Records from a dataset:
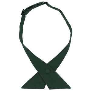 Complete your group or staff look with this hunter green crossover uniform tie. The crossover tie is a popular choice for women's uniform wear. This one is made from durable material with a matte finish and slightly textured feel. A fabric-covered snap keeps the tie securely in place for an always-professional look.
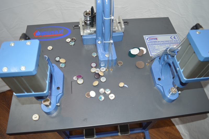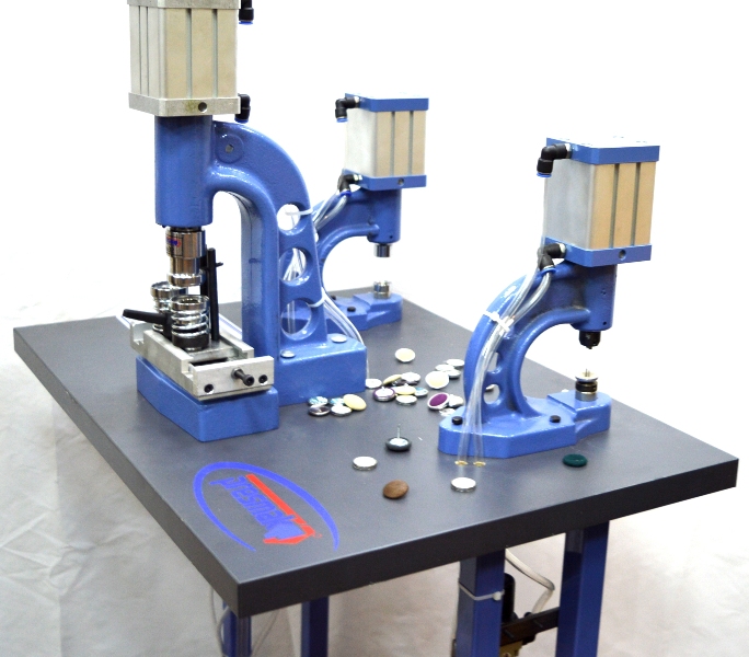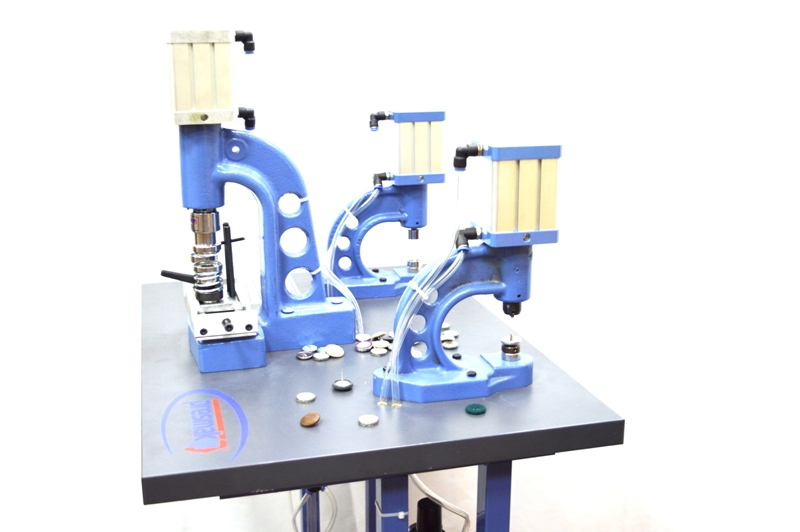 Фактически, данный вид оборудования, представляет собой, три отдельно стоящих пресса на одном столе, один из которых обтягивает пуговицу как пресс 4125, второй вальцует кольцо на пуговицу ,а третий устанавливает сразу два микролюверса на обтянутую пуговицу .
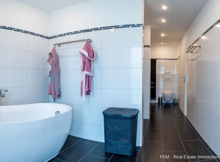 Das stilvoll ausgestattete Hauptbadezimmer mit freistehender Badewanne vermittelt Spa-Atmosphäre – ergänzt wird es durch ein weiteres Badezimmer sowie ein separates Gäste-WC.
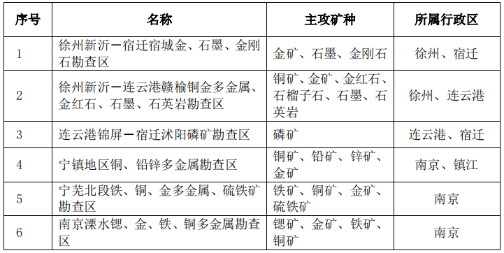 在蘇魯造山帶的新沂-東海-贛榆地區(qū)、郯廬斷裂帶江蘇段及蘇北盆地等劃定7個(gè)重點(diǎn)調(diào)查評價(jià)區(qū),以頁巖氣、鈦礦、金、晶質(zhì)石墨等國家戰(zhàn)略性礦產(chǎn)為重點(diǎn),兼顧油頁巖、地?zé)幔ǜ蔁釒r)、石英巖、金剛石等礦產(chǎn),積極爭取中央財(cái)政資金,加大地方財(cái)政投入開展調(diào)查評價(jià)。
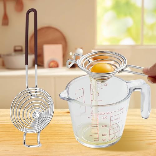Separazione rapida ed efficiente: il nostro separatore per uova crude è dotato di una struttura a spirale malleabile che permette agli albumi di filtrare istantaneamente, garantendo che nessun tuorlo vada perso. Il design del manico lungo consente di posizionarlo sopra qualsiasi ciotola senza sporcarsi le mani, rendendolo un separatore di tuorli d’uovo essenziale per le vostre esigenze di cottura in cucina.
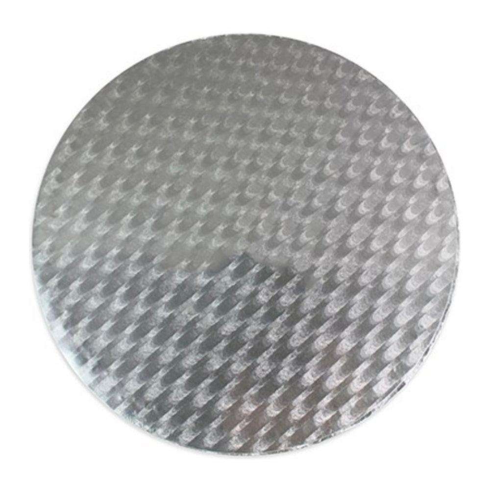 Þykkt kringlótt silfurlitað kökuspjald frá PME. Spjaldið er stíft og það blotnar ekki undan kökunni.
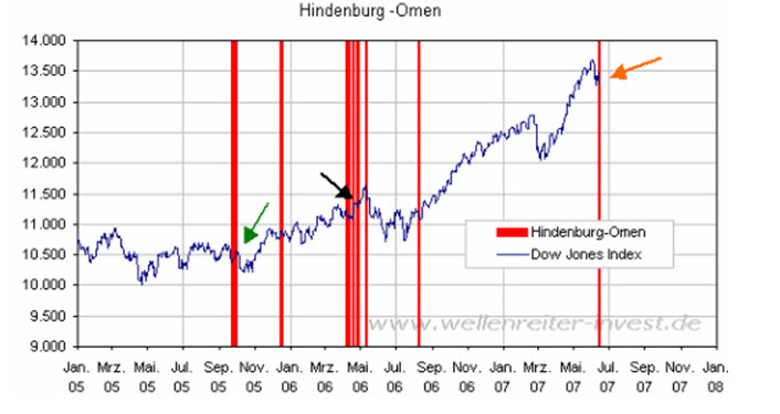 Bedeutet das Hindenburg-Omen also einen herannahenden Crash? Nein und nochmals nein! Es deutet auf eine Richtungsentscheidung beim Tauziehen um steigende und fallende Kurse, nicht mehr und nicht weniger. Das Ergebnis des Tauziehens bleibt offen!!
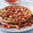 Transfer the waffle to a warmed platter and repeat with the remaining batter. Serve the waffles with the strawberry and honey sauce. Serves 4.
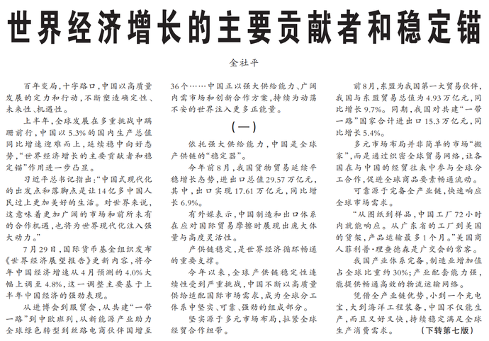 世界经济增长的主要贡献者和稳定锚
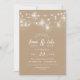 Invitations de mariage personnalisées abordables avec un modèle facile à utiliser pour la personnalisation. Ce design rustique chic présente des brins de lumières à cordes brillantes et des jarres de maçon sur un arrière - plan en papier imitation kraft. Personnalisez l'invitation avec les détails de votre mariage ou customisez le texte à utiliser pour tout événement. Utilisez les outils de conception pour choisir n'importe quelle couleur arrière - plan, ajouter des photos et customiser les polices de texte et les couleurs pour créer un design unique pour votre mariage.
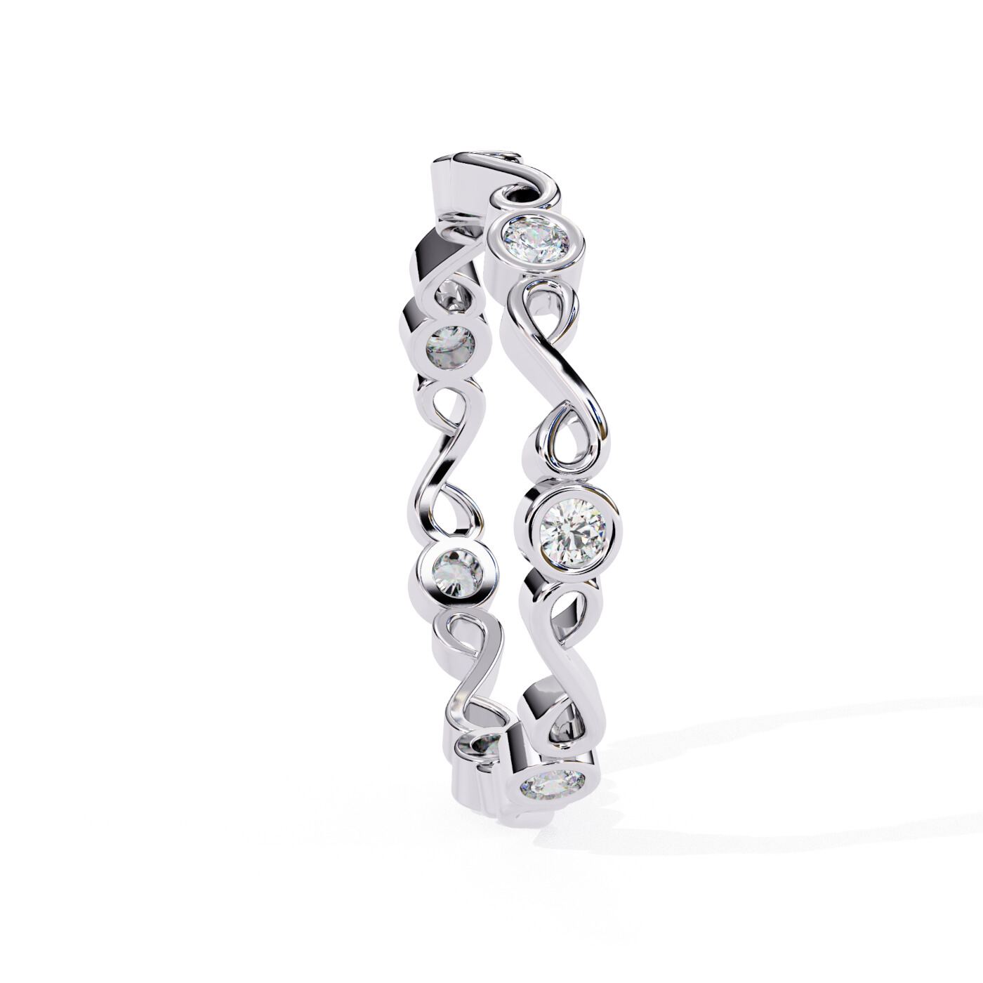 A delicate infinity-inspired band with alternating bezel-set round lab-grown diamonds, symbolizing eternal love and elegance. The openwork twist design adds a modern and airy feel.

WHAT YOU NEED TO DO: None of the pictures belong in the copy; transcribe the rest of the data exactly.

RESULT OF THIS TASK:
 Complete your group or staff look with this hunter green crossover uniform tie. The crossover tie is a popular choice for women's uniform wear. This one is made from durable material with a matte finish and slightly textured feel. A fabric-covered snap keeps the tie securely in place for an always-professional look.
 Фактически, данный вид оборудования, представляет собой, три отдельно стоящих пресса на одном столе, один из которых обтягивает пуговицу как пресс 4125, второй вальцует кольцо на пуговицу ,а третий устанавливает сразу два микролюверса на обтянутую пуговицу .
 Das stilvoll ausgestattete Hauptbadezimmer mit freistehender Badewanne vermittelt Spa-Atmosphäre – ergänzt wird es durch ein weiteres Badezimmer sowie ein separates Gäste-WC.
 在蘇魯造山帶的新沂-東海-贛榆地區(qū)、郯廬斷裂帶江蘇段及蘇北盆地等劃定7個(gè)重點(diǎn)調(diào)查評價(jià)區(qū),以頁巖氣、鈦礦、金、晶質(zhì)石墨等國家戰(zhàn)略性礦產(chǎn)為重點(diǎn),兼顧油頁巖、地?zé)幔ǜ蔁釒r)、石英巖、金剛石等礦產(chǎn),積極爭取中央財(cái)政資金,加大地方財(cái)政投入開展調(diào)查評價(jià)。
Separazione rapida ed efficiente: il nostro separatore per uova crude è dotato di una struttura a spirale malleabile che permette agli albumi di filtrare istantaneamente, garantendo che nessun tuorlo vada perso. Il design del manico lungo consente di posizionarlo sopra qualsiasi ciotola senza sporcarsi le mani, rendendolo un separatore di tuorli d’uovo essenziale per le vostre esigenze di cottura in cucina.
 Þykkt kringlótt silfurlitað kökuspjald frá PME. Spjaldið er stíft og það blotnar ekki undan kökunni.
 Bedeutet das Hindenburg-Omen also einen herannahenden Crash? Nein und nochmals nein! Es deutet auf eine Richtungsentscheidung beim Tauziehen um steigende und fallende Kurse, nicht mehr und nicht weniger. Das Ergebnis des Tauziehens bleibt offen!!
 Transfer the waffle to a warmed platter and repeat with the remaining batter. Serve the waffles with the strawberry and honey sauce. Serves 4.
 世界经济增长的主要贡献者和稳定锚
 Invitations de mariage personnalisées abordables avec un modèle facile à utiliser pour la personnalisation. Ce design rustique chic présente des brins de lumières à cordes brillantes et des jarres de maçon sur un arrière - plan en papier imitation kraft. Personnalisez l'invitation avec les détails de votre mariage ou customisez le texte à utiliser pour tout événement. Utilisez les outils de conception pour choisir n'importe quelle couleur arrière - plan, ajouter des photos et customiser les polices de texte et les couleurs pour créer un design unique pour votre mariage.
 A delicate infinity-inspired band with alternating bezel-set round lab-grown diamonds, symbolizing eternal love and elegance. The openwork twist design adds a modern and airy feel.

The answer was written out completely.